For the title of his last song, “Murder Most Foul,” Bob Dylan borrowed from Shakespeare. For his unexpectedly rapid-fire follow-up, he’s cribbing from Walt Whitman. “I Contain Multitudes” takes its name (and the final line of each stanza) from a famous parenthetical thought in Whitman’s “Song of Myself.” And true to the declaration of personal complexity, the tune itself contains a legion’s worth of thoughts and attitudes… although, at a mere four and a half minutes long, not quite as many multitudes as the 17-minute “Murder.”
The two songs together represent quite a break in the drought of new material from Dylan, who hadn’t released a previously unheard song since 2012’s “Tempest” until he put out “Murder Most Foul” in a sneak attack at midnight March 27. Just three weeks later, he’s doubled the amount of fresh songs, with “I Contain Multitudes” also getting a midnight ET/9 PT surprise release with no advance warning.
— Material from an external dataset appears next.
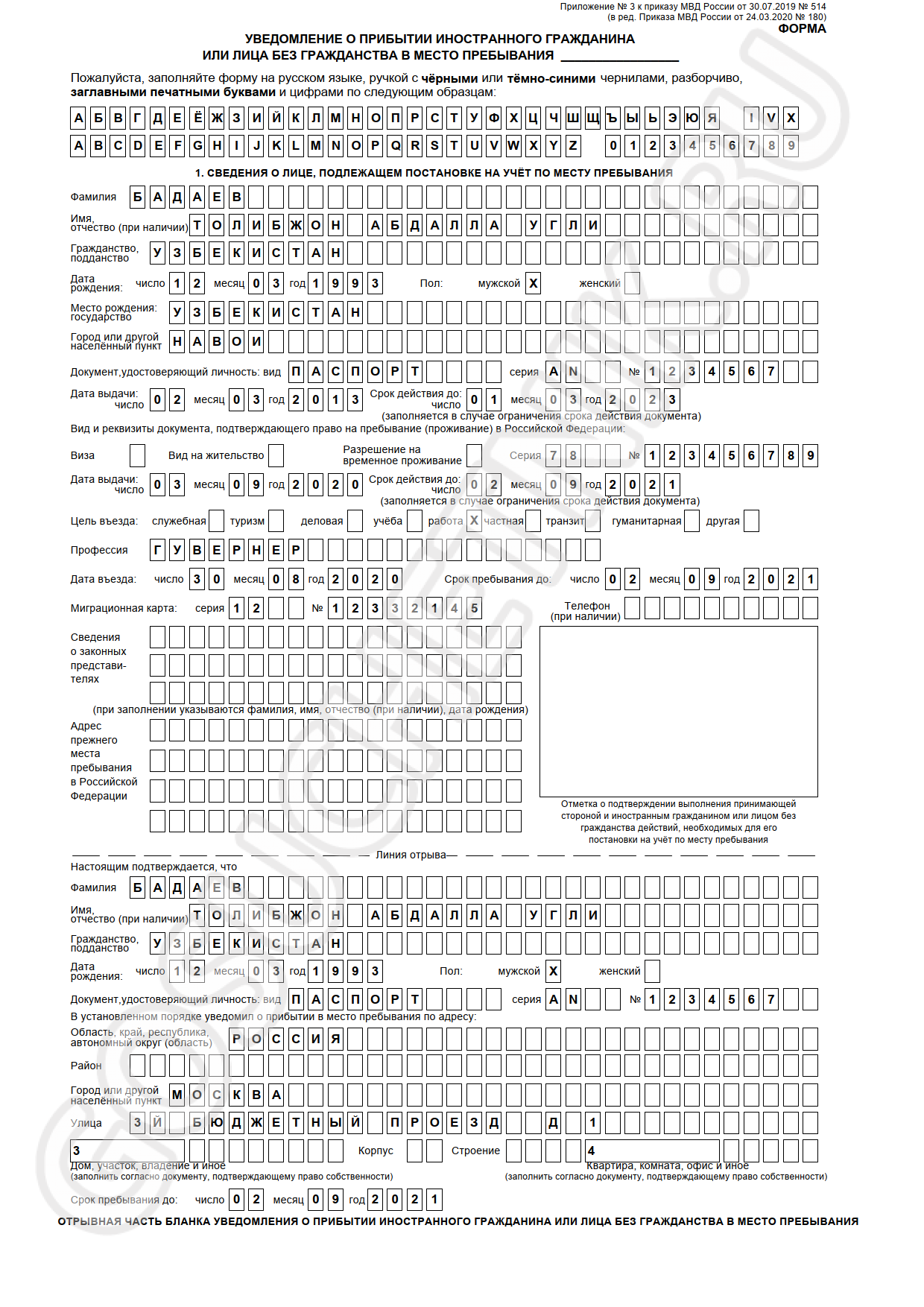 Пример. Заключен договор ГПХ с гражданином Узбекистана на сопровождение ребенка в качестве гувернера с проживанием по домашнему адресу нанимателя. Уведомление в этом случае примет такой вид: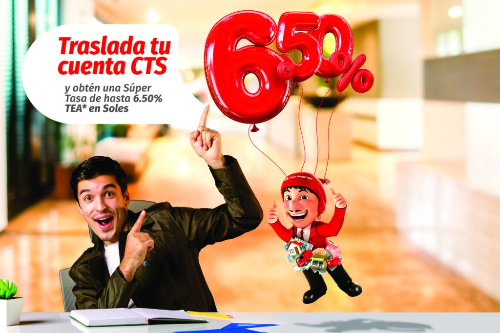 Caja Huancayo proporciona dos opciones para cuentas CTS en moneda nacional, aquella en la que un cliente traslade su cuenta CTS será retribuido con una tasa de interés de hasta 5.50% y la segunda opción, en la que el cliente traslade su cuenta CTS y además perciba sus remuneraciones en Caja Huancayo, recibirá hasta 6.5% de interés anual.

Although it’s only a fourth as long as “Murder,” “Multitudes” does share some similarities with its immediate predecessor, including a drumless, rolling sound in which a scant few players, including a steel guitarist, seem to be gently improvising on a theme as they go along.
It also shares a flare for bizarre juxtapositions of cultural references, although not nearly on the bounteous level of the more epic song from three weeks ago. The most likely-to-be-quoted lyrics:
I’m just like Anne Frank, like Indiana Jones
And them British bad boys, the Rolling Stones
But the song isn’t so much of a triptych of Dylan’s record collection this time around, although there’s still a lot of cataloguing going on. It’s more like he’s thumbing through his many moods. At one point, he sounds like the defeated, lovelorn figure of so much of his 23-year-old “Time Out of Mind” album:
I’ll drink to the truth and the things we said
I’ll drink to the man that shares your bed
And he adds, “Half my soul, baby, belongs to you.” But later, he’s dismissive, even contemptuous, of a woman. The same one, or an unworthy successor? Who’s to say?
Get lost, madame, get up off my knee
Keep your mouth away from me
As with so many Dylan songs, individual couplets make perfect sense, then seem to be contradicted by something that follows. But maybe more than in any previous song, the rationale for that intra-song shape-shifting is summed up in the title itself. It’s not that “I’m Not There,” as the avant-garde biopic about him claimed; it’s that he’s everywhere. And if you want the tender Dylan or the snide one, the Dylan who quotes Blake or Bowie and Mott the Hoople, the lover or the fighter, they’re all here somewhere in one of these defiantly un-self-defining verses. “What more can I tell you? I sleep with life and death in the same bed,” Dylan sings, sending all the fan who were up late enough to get an unexpected treat off to their rest.
Dylan didn’t release any statement with this song, as he did with the March one, and whether the rumored new album is really on the way remains as much of a mystery as ever. Now, there’s reason to suspect that the man who sounded the alarm on changing times five and a half decades ago may have embraced change so much that he’s joined some of the kids in adopting a singles model.